The previous post shows how you could use linear interpolation to fill in gaps in a table of logarithms. You could do the same for a table of sines and cosines, but there’s a better way. As before, we’ll assume you’re working by hand with just pencil, paper, and a handbook of tables.

## Linear interpolation

Suppose you want to find the sine of 12.3456° and you have a table of sines for angles in increments of 0.1°. In Table 4.10 of A&S we find

sin 12.3° = 0.21303 03862 74977

sin 12.4° = 0.21473 53271 67063

If we were to use linear interpolation, we’d estimate

sin 12.3456° = sin 12.3° + 0.456(sin 12.4° − sin 12.3°) = 0.21380 78393 21768

which is accurate to six decimal places.

## Better approach

Another approach would be to use the identity

sin(θ + φ) = sin θ cos φ + cos θ sin φ

rather than linear interpolation, setting θ = 12.3° and φ = 0.0456°. We can look up the sine and cosine of θ in our table, but how do we find the sine and cosine of φ?

The cosine is easy: set it to 1. For a small angle *x* (in radians) the cosine of *x* is approximately 1 with an error of less than *x*²/2. In radians,

φ = 0.0456 π/180 = 0.00079 58701 38909

and so the truncation error in approximating cos φ with 1 is about 3×10^{−7}.

Computing the sine of φ is easy, but it requires converting φ to radians. You could probably find the conversion factor in your handbook, e.g. in Table 1.1 of A&S.

0.0456° = 0.0456 × 0.01745 32925 19943

Once φ is in radians, sin φ = φ with an error of less than φ³/6 (see here).
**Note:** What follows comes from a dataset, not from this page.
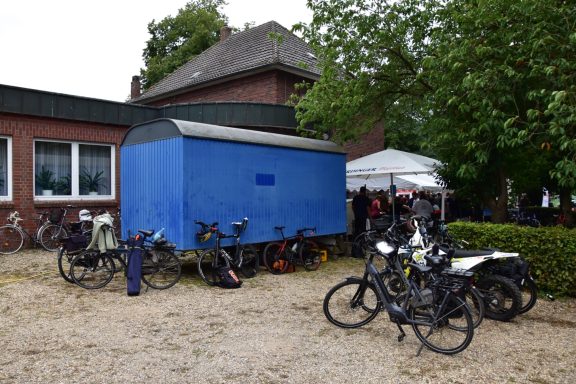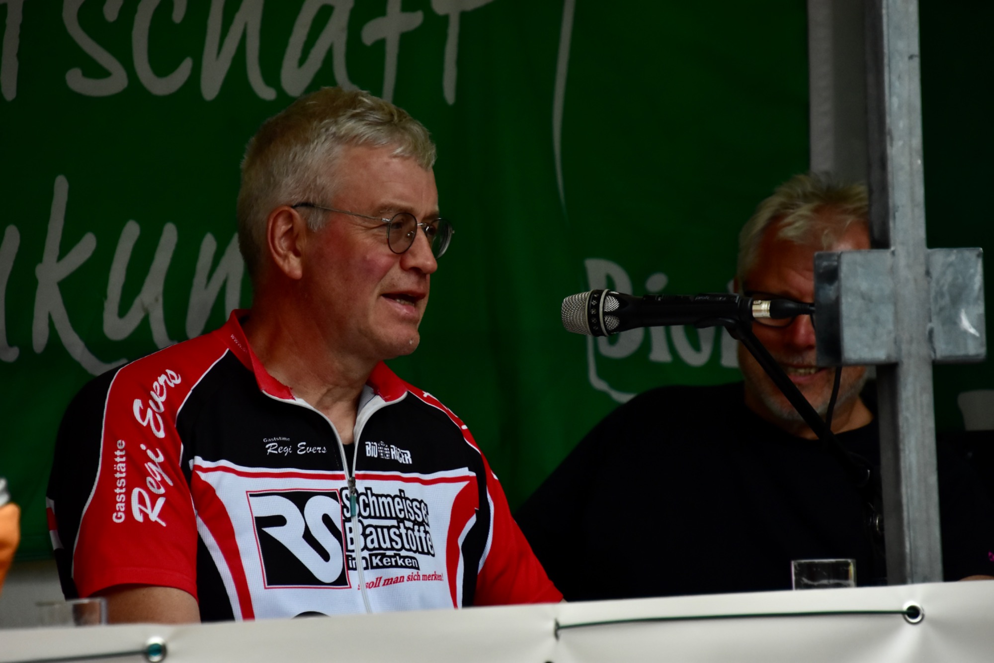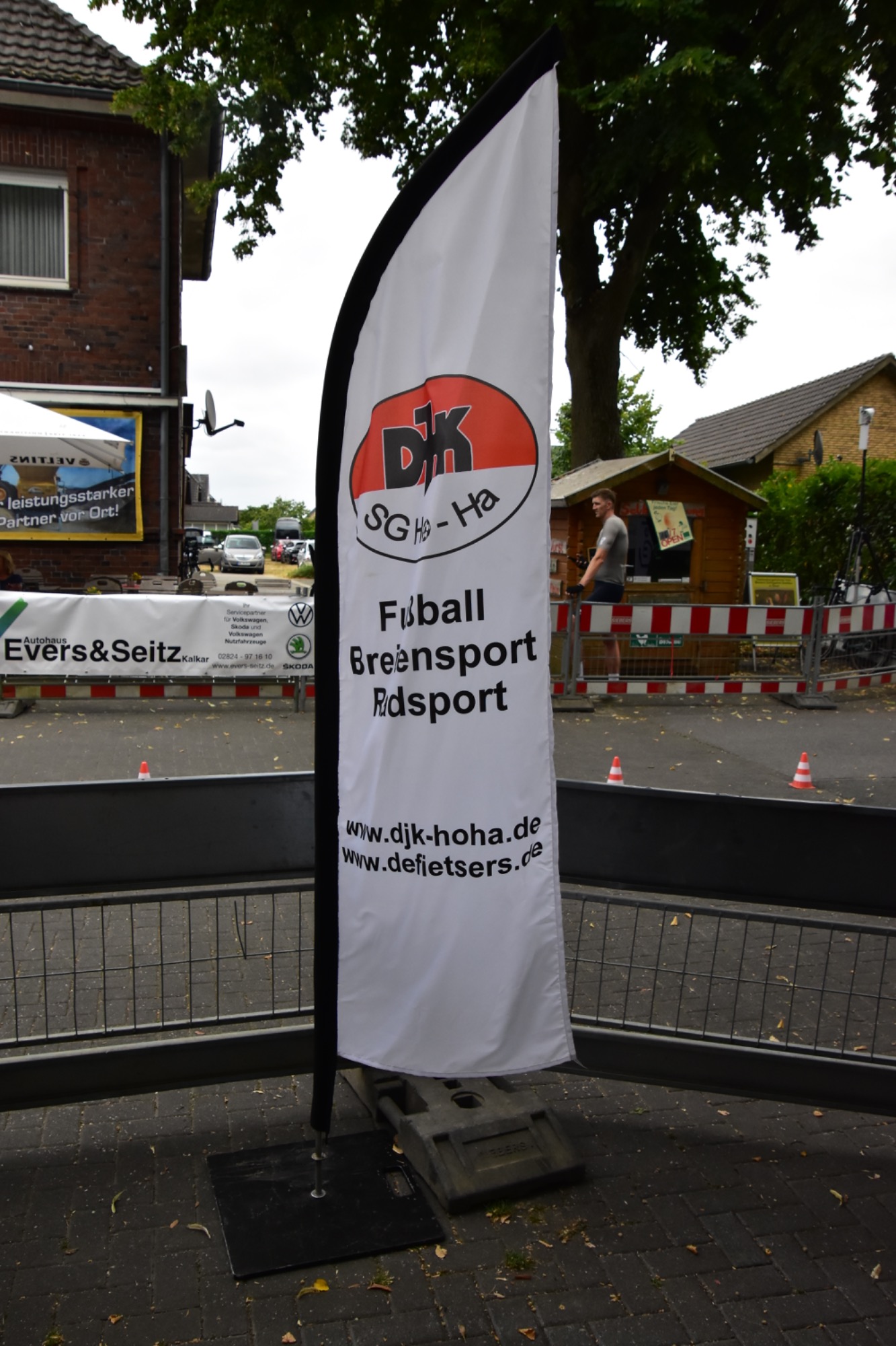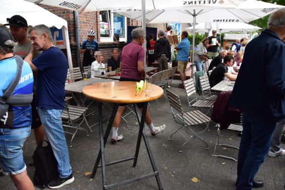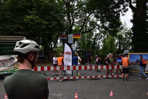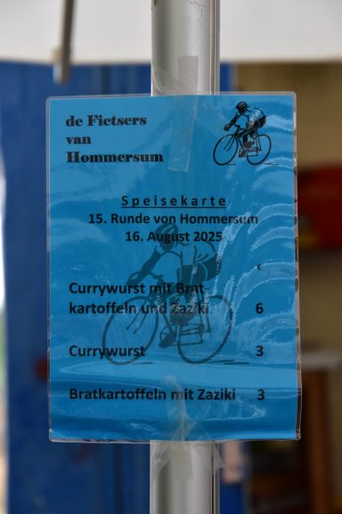 Die Planung der letzten Runde von Hommersum gestaltete sich zunächst etwas problematisch, zumal lange nicht feststand, ob wir das Gelände und die Gaststätte „Regi“ nutzen konnten. Der letzte Wirt und Verantwortliche hatte uns zwar zugesagt, dass „alles gehen“ würde, war aber zum fraglichen Zeitpunkt krankheitsbedingt nicht vor Ort. Kurzfristig mussten wir noch eine Schankgenehmigung einholen, weil der Wirt nicht vor Ort war. Auch die Stadt Goch setzte uns eine zusätzliche Hürde: konnten in den vergangenen Jahren Verkehrszeichen zum Absperren der Strecke „frei“ gesetzt werden, so war in 2024 erstmals eine RSA21-Bescheinigung (Richtlinien zur verkehrsrechtlichen Sicherung von Arbeitsstellen an Straßen - gilt nicht nur für Arbeitsstellen sondern auch für Veranstaltungen im öffentlichen Verkehrsraum) erforderlich. Im Klartext bedeutete das, dass eine Person gesucht wurde, die die Beschilderung auf ihre Richtigkeit überprüft und letztlich auch dafür verantwortlich ist. Dementsprechend musste jemand gefunden werden, der/die eine solche Bescheinigung erwarb um diese Prüfung durchführen zu können. Auch diese Hürde konnte genommen werden, so dass der Durchführung des Zeitfahrens nichts mehr im Wege stand:

Putting the pieces together we have

sin(θ + φ) = sin 12.3° × 1 + cos 12.3° × φ

which, using the numbers above, gives us 0.21380785249034476, which is off by about 6×10^{−8}.

## More accuracy

If we want even more accuracy, we need to find the weakest link in our calculation. The error in approximating sin φ as φ is on the order of φ³ while the error in approximating cos φ as 1 is on the order of φ², so the latter is the largest source of error.

If we approximate cos φ as 1 − φ²/2, the error is on the order of φ^{4}, and the weakest link would be the sine approximation which has error on the order of φ³, which is still quite small. The overall error in computing sin 12.3456° would be less than 10^{−10} if we use this higher order approximation for cosine φ.

## Compare and contrast

Let’s go back to approximating the cosine of a small angle by 1 and compare the two approximation approaches above.

Linear interpolation:

sin 12.3456° = sin 12.3° + 0.456(sin 12.4° − sin 12.3°)

Addition formula:

sin 12.3456° = sin 12.3° + 0.0456 (π/180) (cos 12.3°)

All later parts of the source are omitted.